Q. I am thinking about buying the new Ford Fiesta, which goes on sale this summer. But I’ve been told never to buy a car with a new design the first year it’s on sale because it takes about a year for those assembling it to get things perfectly right.  – D.H., Chicago

A. Modern auto assembly plant items, such as sophisticated robots, and much more stringent quality controls at plants make it pretty much a sure bet that a brand new car (or any type vehicle) from an established automaker will be just fine when it initially goes on sale.
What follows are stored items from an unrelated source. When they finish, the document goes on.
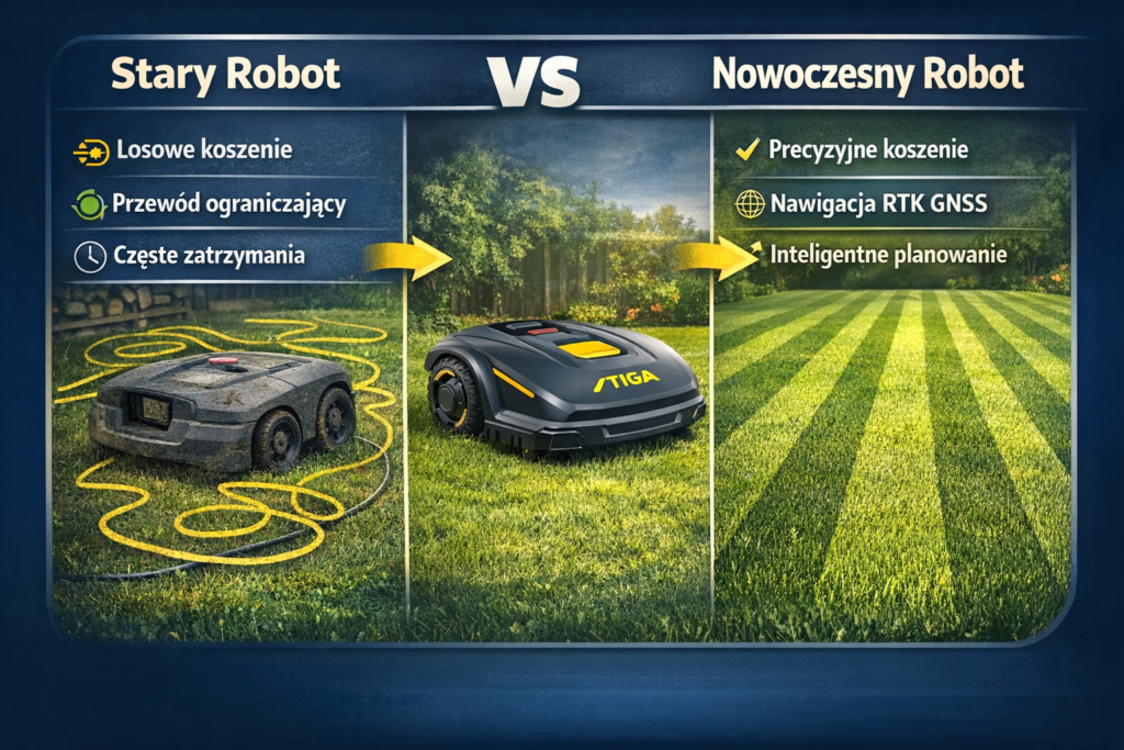Cecha Starszy robot koszący (np. STIGA Autoclip 230 S) Nowoczesny robot autonomiczny STIGA System nawigacji Przewód ograniczający Precyzyjna nawigacja satelitarna GNSS + RTK Sposób koszenia Losowy Zorganizowane koszenie w równych pasach Instalacja Wymaga instalacji przewodu w ogrodzie Instalacja w kilka minut – bez przewodów Planowanie pracy Brak mapy ogrodu Inteligentne mapowanie ogrodu Precyzja koszenia Zależna od losowych przejazdów Idealnie równe pasy koszenia Efekt na trawniku Czasem nieskoszone fragmenty Równomierny, estetyczny trawnik Nawigacja przy drzewach i budynkach Może mieć trudności z orientacją Stabilna nawigacja dzięki RTK i AGS Wykrywanie przeszkód Czujniki zderzeniowe Kamera AI rozpoznająca przeszkody Zarządzanie robotem Panel robota lub prosta aplikacja Zaawansowana aplikacja STIGA.GO Wzory koszenia Brak możliwości wzorów Pasy, szachownica, siatka Optymalizacja pracy Stały schemat pracy Inteligentne planowanie trasy
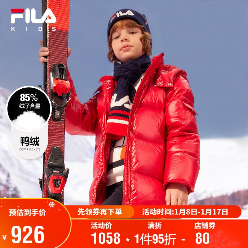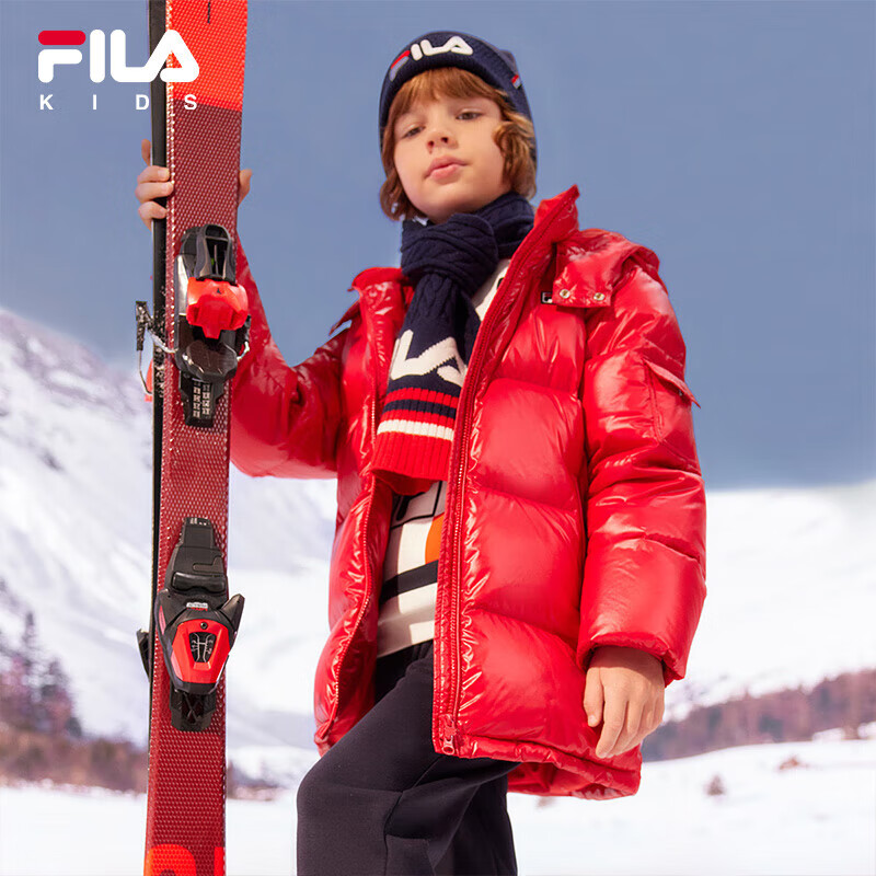 FILA斐乐童装外套2023秋冬中大童男童女童亮面中长款羽绒服价格:1058.00元!
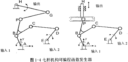 Bhartendu Seth和Sesha Sai Vaddi提出基于混合動(dòng)力機(jī)器思想的可編程函數(shù)發(fā)生器(Programmable function generators),如圖l-4所示分別為七桿機(jī)構(gòu)的兩種設(shè)計(jì)。
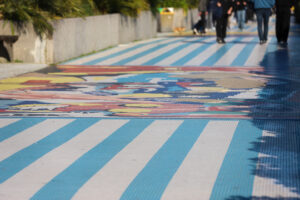 Entrando ad Albisola Marina, la passeggiata assume un carattere diverso. Il pavimento del lungomare diventa un grande mosaico colorato.
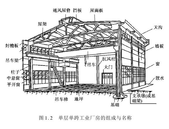 单层厂房的结构组成有两种,即墙承重结构和骨架承重结构。图1.2为单层单跨工业厂房的组成与名称。
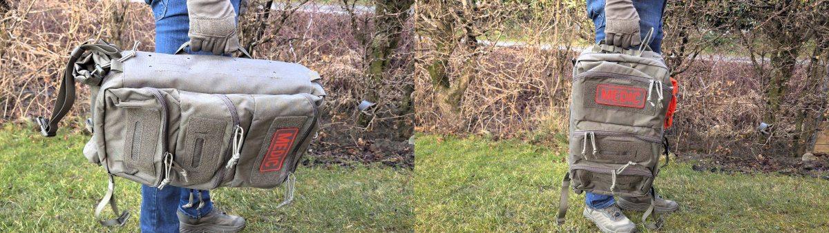 The Modular Medic Combat Pack 18 can be carried horizontally and vertically. The side handles provide carrying comfort and can be used for transporting injured persons.
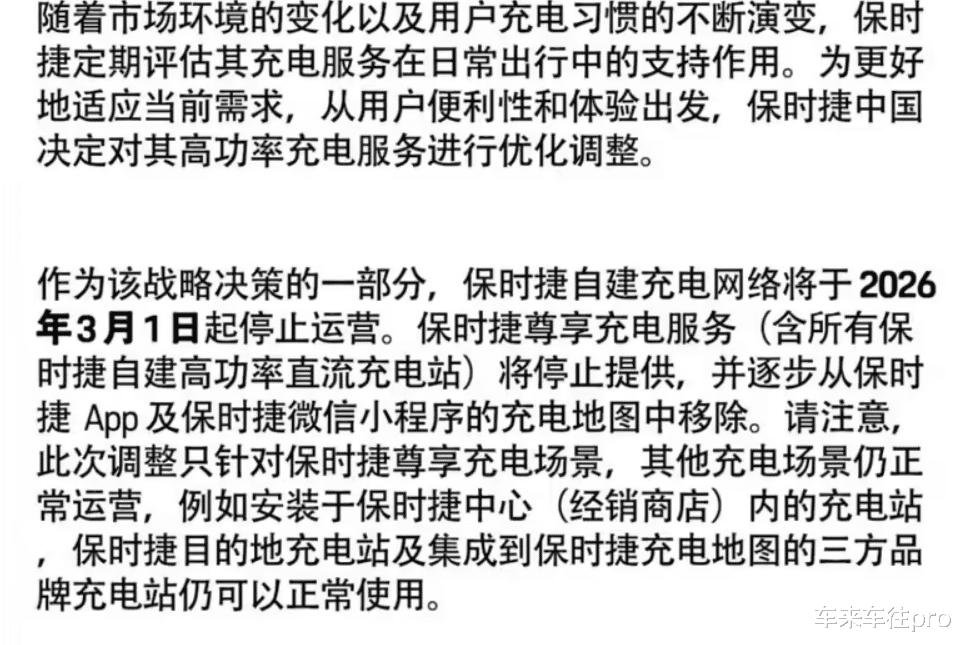 最近,保时捷中国正式宣布:将逐步停止旗下尊享充电站的运营服务,到 2026 年 3 月 1 日,这套自建充电网络将全面停运。

Besides, hundreds of thousands of Fiestas have been sold in Europe and Asia and are similar in design to the upcoming American version as part of Ford’s new “global” marketing plan.

Q. I hear Volvo is introducing a radically sporty new sedan this fall that’s not like a typical Volvo. What do you know about it? – C.J., Evanston, Ill.
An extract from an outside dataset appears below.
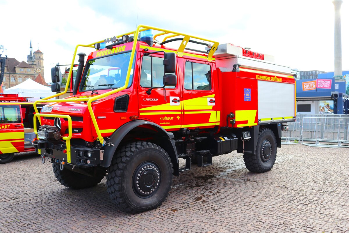 Feuerwehr Stuttgart Mercedes Benz Unimog U5023 TLF3000 am 07.07.24 beim Blaulichttag in Stuttgart
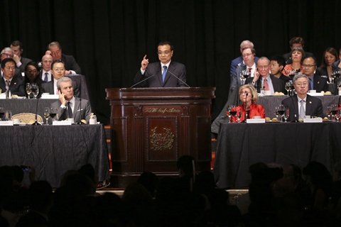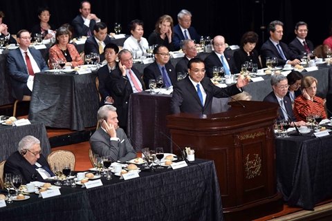 成立于1907年的纽约经济俱乐部,是美国重要的公共论坛,也是开展演讲活动的重要场所。当地时间9月20日晚,李克强总理出席纽约经济俱乐部、美中贸易全国委员会和美中关系全国委员会举行的千人欢迎宴会时,致辞并回答提问,幽默应对、妙语频出。短短4个回答,9次被全场热烈的掌声和笑声打断。 以下是总理当天答问的现场实录。

A. The rakish new Volvo is called the S60 and is a turbocharged 300-horsepower sports sedan aimed at driving enthusiasts. However, the S60 reportedly will have more passive and active safety systems than any Volvo ever built.The S60 reportedly will be priced at approximately $38,500, or a few thousand dollars less than comparably equipped rivals. I haven’t driven the car, but will do so at an upcoming media preview of it.

Q. Do you think pure electric cars have much of a future? – N.P., Phoenix

A. As for electrics, much depends on the price of gas and realistic driving range of such a vehicle, especially in cold weather—not  to mention federal tax incentives for buying one because they won’t be cheap.

Q. How much damage can flood waters do to a car? And how would I check one out? – E.C., Chicago

A. Flood waters soak the electronics and mechanics of a car, besides its interior, leaving dirt deposits, rust, mildew…and more. Flood-damaged cars often are repaired cosmetically and moved to adjacent states or other areas where they’re sold to unsuspecting consumers, says the Carstar Collision Centers repair chain, which has seen many water-damaged vehicles. Look for discolored, faded or stained interior materials. Smell for musty odors. Check the trunk, glove compartment, dashboard and below seats for signs of water damage, such as silt, mud or rust. Turn the ignition key and make sure accessory and warning lights and gauges work properly. Look for rust in wheel wells, under the hood and under the rear of the vehicle. Make sure everything works, from the air conditioner to the windshield wipers, turn signals and heater.

Q. Is the gasoline engine at the end of its rope? – G.A., Dallas

A. Far from it. The gas engine still has much potential, considering such things as direct fuel injection, turbocharging and such features as cylinder cut-off when cruising. But look for an increasing number of four-cylinder gas engines to replace six- and eight-cylinder engines largely because of upcoming stricter federal fuel economy standards.

Q.  I know about the original two-seat Thunderbirds, which were 1955-57 models. But what about the modern 2002-05 two-seat version? Is it also a collector’s item? I’d rather get a modern version than one more than 50 years old. – E.H., Skokie, Ill.

A. The 2002-05 “T-Bird” two-seater wasn’t the success Ford hoped it would be. It was nicely styled and fast enough, but faults included a substandard interior. It’s not a collectible now, but may become one. The 2005 “50th Anniversary” version is the one destined to have maximum resale value. The regular 2002-05 Thunderbird is valued at $19,900 to $24,825, with the anniversary version, which isn’t much different from the regular model, at $27,275.